Space hegemony is among the core strategies the US is using to maintain its primary global superpower status, Harrison Raskin wrote for Truthout, and the military-industrial complex is betting on it, from Elon Musk, who dreams of occupying Mars, NASA director Bill Nelson, who claims the Moon is US property and China must get out of it, and the Pentagon.
Photo Insert: Then-Vice President Mike Pence and Mrs. Karen Pence were greeted by Jim Bridenstine, NASA Administrator, Elon Musk, Founder and CEO and Lead Designer of SpaceX at Neil Armstrong Operations and Checkout Facility.

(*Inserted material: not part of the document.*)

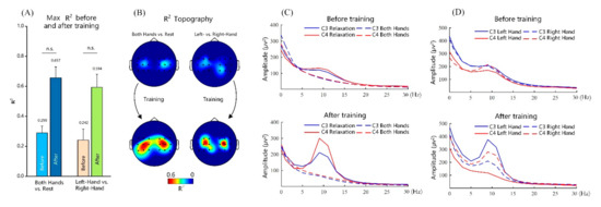 The R2 values and voltage spectra changes before and after the virtual ball control training. (A) Maximum sensorimotor R2 values for virtual ball control training. (B) R2 topographies for virtual ball control training. (C) Voltage spectra for MI of both-hand movement vs. relaxation before and after the virtual ball control training. (D) Voltage spectra for MI of left-hand movement vs. right-hand movement before and after the virtual ball control training.

In the 1980s, the Strategic Defense Initiative — better known as “Star Wars” — was designed by Ronald Reagan’s administration as a space-based missile defense system complete with space-based laser stations, nuclear x-ray laser satellites, and ground- and space-based missile systems to intercept hostile intercontinental ballistic missiles.
Derided as expensive and technologically unfeasible, the program was ended by the Clinton administration in 1993.
However, it demonstrated a nationalist recommitment to technological superiority in the Cold War and a temporary, dangerous reneging of détente.
In addition to withdrawing from nuclear treaties, the US has proceeded to ramp up investment in space technology. In 2019, President Donald Trump diverged from President Barack Obama’s promise he would “not weaponize space,” and created an official Space Force.
The move made explicit the military significance of space today, systematizing GPS and satellite security and defense as a sub-department of the Air Force.
As TJ Coles writes in CounterPunch, countersurveillance and counter-communications have been central goals of U.S. military space operations since the 1990s, alongside attaining the US “full spectrum dominance” of all potential conflict sites — including space.
Evidence of this fact: The Biden administration has continued the Space Force, which was seen as ridiculous by liberal commentators during the Trump administration.